2M-NER: Contrastive Learning for Multilingual and Multimodal NER with Language and Modal Fusion

Named entity recognition (NER) is a fundamental task in natural language processing that involves identifying and classifying entities in sentences into pre-defined types. It plays a crucial role in various research fields, including entity linking, question answering, and online product recommendation. Recent studies have shown that incorporating multilingual and multimodal datasets can enhance the effectiveness of NER. This is due to language transfer learning and the presence of shared implicit features across different modalities. However, the lack of a dataset that combines multilingualism and multimodality has hindered research exploring the combination of these two aspects, as multimodality can help NER in multiple languages simultaneously. In this paper, we aim to address a more challenging task: multilingual and multimodal named entity recognition (MMNER), considering its potential value and influence. Specifically, we construct a large-scale MMNER dataset with four languages (English, French, German and Spanish) and two modalities (text and image). To tackle this challenging MMNER task on the dataset, we introduce a new model called 2M-NER, which aligns the text and image representations using contrastive learning and integrates a multimodal collaboration module to effectively depict the interactions between the two modalities. Extensive experimental results demonstrate that our model achieves the highest F1 score in multilingual and multimodal NER tasks compared to some comparative and representative baselines. Additionally, in a challenging analysis, we discovered that sentence-level alignment interferes a lot with NER models, indicating the higher level of difficulty in our dataset.

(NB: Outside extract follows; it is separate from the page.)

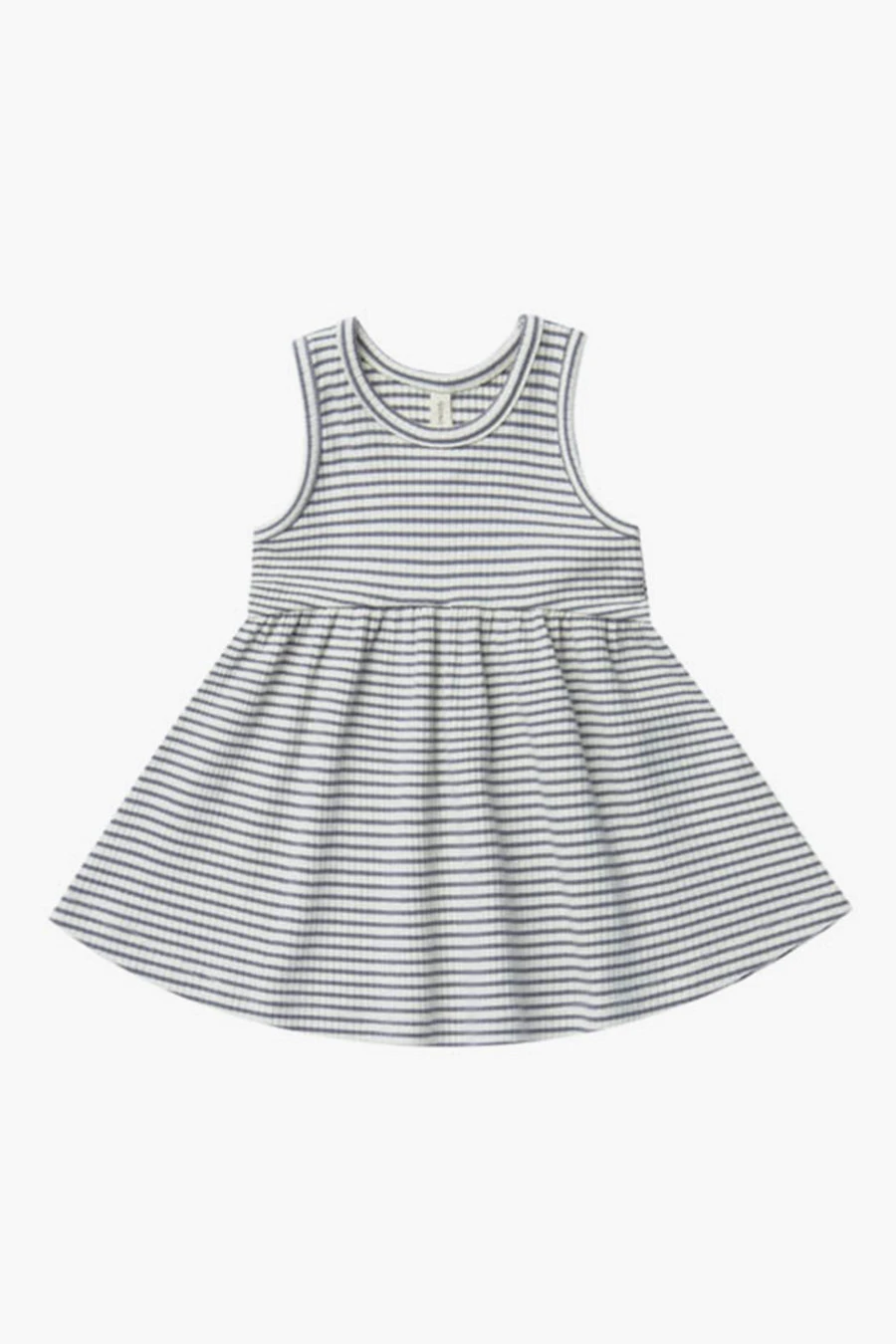features a fitted top and a flowy bottom in a ribbed material and an indigo stripe pattern. 100%

翻译：命名实体识别（NER）是自然语言处理中的基础任务，旨在识别句子中的实体并将其分类至预定义类型。该任务在实体链接、问答系统和在线商品推荐等多个研究领域发挥关键作用。近年研究表明，融合多语言和多模态数据集能够提升NER的有效性，这得益于语言迁移学习以及不同模态间共享的隐含特征。然而，由于缺乏同时结合多语言与多模态特性的数据集，探索二者融合的研究进展受阻——多模态本可同时辅助多种语言的NER任务。本文旨在解决更具挑战性的多语言多模态命名实体识别（MMNER）任务，充分考虑其潜在价值与影响力。具体而言，我们构建了一个包含四种语言（英语、法语、德语和西班牙语）和两种模态（文本与图像）的大规模MMNER数据集。针对该数据集上的MMNER挑战，我们提出名为2M-NER的新型模型：通过对比学习对齐文本与图像表征，并集成多模态协作模块以有效刻画两种模态间的交互。大量实验结果表明，与多个对比基准模型和代表性方法相比，我们的模型在多语言与多模态NER任务中取得了最高F1分数。此外，在挑战性分析中，我们发现句子级对齐会严重干扰NER模型，这进一步验证了数据集的更高难度。